These are poems for wayfarers, for spiritual seekers who look for the sacred in every moment, in every step. These poems celebrate every-day, simple tasks as spiritual practices through which the seeker engages with a world brimming with sacred encounter. Walking, commuting in rush hour, tending an unruly garden, cooking a humble meal, writing, telling stories, sitting and looking out the window, singing, dreaming, and dancing are seen through these poems as opportunities to bring compassion to our shared wounds and live each breath, each gesture as prayer opening us to deeper wholeness and healing.
Here is a poet intimate with soul, with every moment of possibility life brings us in spite of despair-and her poems celebrate intimacy with the word-and the world.
Rodger Kamenetz, author of Dream Logic and The History of Last Night’s Dream
Liza Hyatt gathers us in close and starts with a sight, a sound, a deepening of the senses of what surrounds us and then to yet another deepening to what lies waiting for us in our hearts. Each poem is an invitation to slow down, savor and enter the unique and sacred simplicity that is our true self.

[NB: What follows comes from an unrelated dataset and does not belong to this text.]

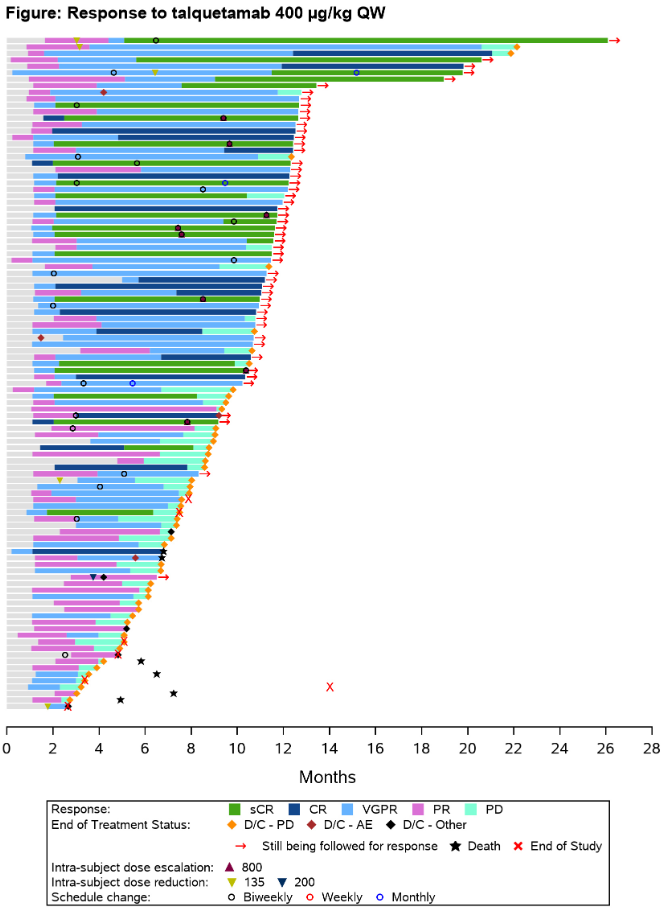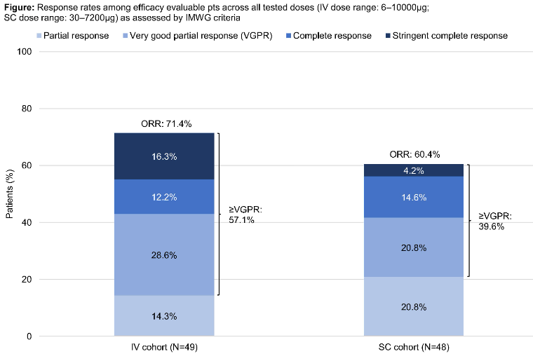 在接受过抗BCMA治疗的10/18名患者(55.6%)和有高危细胞遗传学的18/28名患者(64.2%)中观察到缓解。DoR数据在数据截止时不成熟。IV组24/35名患者持续缓解(68.6%),SC组26/29名患者持续缓解(89.7%),最大DoR分别为12.9个月和8.8个月。

Mary Jo Heyen, Natural Dreamwork Practitioner, author of Dreaming into the Mystery: Explorations into Being with the Dreams and Visions of the Dying
Wayfaring is Liza Hyatt’s best work. Honest, humble, open, and visionary, it takes us on her lifelong spiritual journey. The short, compressed, and gnomic poems sing in a transcendent way, yielding frequent epiphanies.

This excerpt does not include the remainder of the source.